5 The Raft consensus algorithm
Raft is an algorithm for managing a replicated log of the form described in Section 2. Figure 2 summarizes the algorithm in condensed form for reference, and Figure 3 lists key properties of the algorithm; the elements of these figures are discussed piecewise over the rest of this section.
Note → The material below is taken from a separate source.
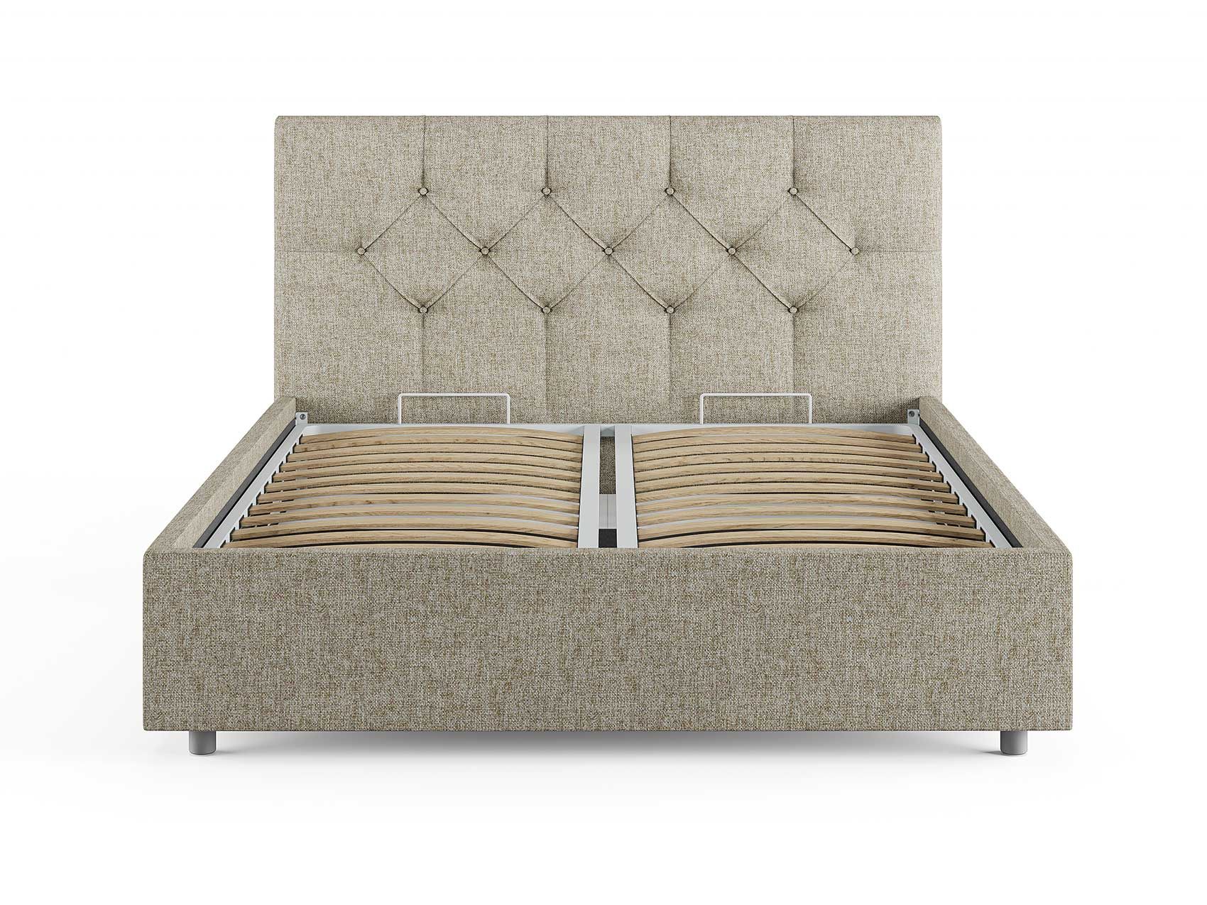 Элегантная классическая кровать с эффектной каретной стяжкой. Модель изготовлена из ДСП. При необходимости кровать может быть укомплектована подъемным механизмом с бельевым ящиком или трансформируемым основанием Aquarius (размером 160-200).

Raft implements consensus by first electing a distinguished leader, then giving the leader complete responsibility for managing the replicated log. The leader accepts log entries from clients, replicates them on other servers, and tells servers when it is safe to apply log entries to their state machines. Having a leader simplifies the management of the replicated log. For example, the leader can decide where to place new entries in the log without consulting other servers, and data flows in a simple fashion from the leader to other servers. A leader can fail or become disconnected from the other servers, in which case a new leader is elected.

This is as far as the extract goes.